#### Source data ####
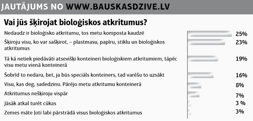 rināšanas, tur varot piekrist, taču sistēmai pašvaldībā jābūt, saistošajiem noteikumiem jābūt un iedzīvotāju informēšanai un izglītošanai jābūt. Likums nekādas atkāpes neparedz. Turklāt tiek akcentēts, ka laiks, kad iedzīvotāji pēc savas gribas paši vērsīsies un pieteiksies bioloģisko atkritumu šķirošanai, vai viņi to grib vai negrib, esot beidzies, tagad jau ar 1. janvāri to visiem kā obligātu nosaka likums.
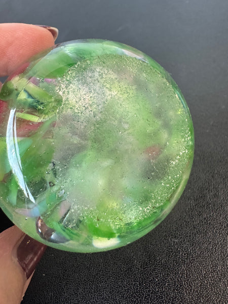 (C) Maude & Bob St. Clair Green Floral Art Glass Paperweight
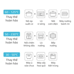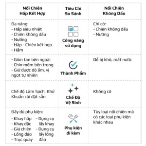 Chiên không dầu chiên đồ ăn vàng giòn mà không cần dùng đến dầu mỡ, giảm đến 95% lượng dầu mỡ dư thừa trong bữa ăn hàng ngày. Trong khi đó, hấp đồ ăn bằng hơi nước siêu nhiệt giúp giảm thời gian hấp, đồng thời bảo toàn tối đa dinh dưỡng có trong thực phẩm.
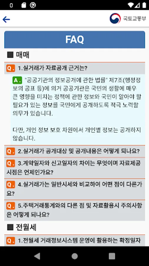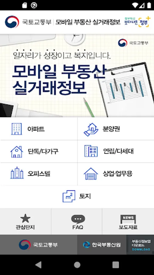 The Ministry of Transportation conducted using smartphones to provide information to help the people what they want apartments actual transaction (sale, jeonwolse) information anytime, anywhere access more quickly and accurately.
####
**Task goal:** A word-for-word copy of the lines from the start of the listing through the line containing "(C) Maude &" is the answer. Pictures stay out of it.

**Exercise result:**
 rināšanas, tur varot piekrist, taču sistēmai pašvaldībā jābūt, saistošajiem noteikumiem jābūt un iedzīvotāju informēšanai un izglītošanai jābūt. Likums nekādas atkāpes neparedz. Turklāt tiek akcentēts, ka laiks, kad iedzīvotāji pēc savas gribas paši vērsīsies un pieteiksies bioloģisko atkritumu šķirošanai, vai viņi to grib vai negrib, esot beidzies, tagad jau ar 1. janvāri to visiem kā obligātu nosaka likums.
 (C) Maude & Bob St. Clair Green Floral Art Glass Paperweight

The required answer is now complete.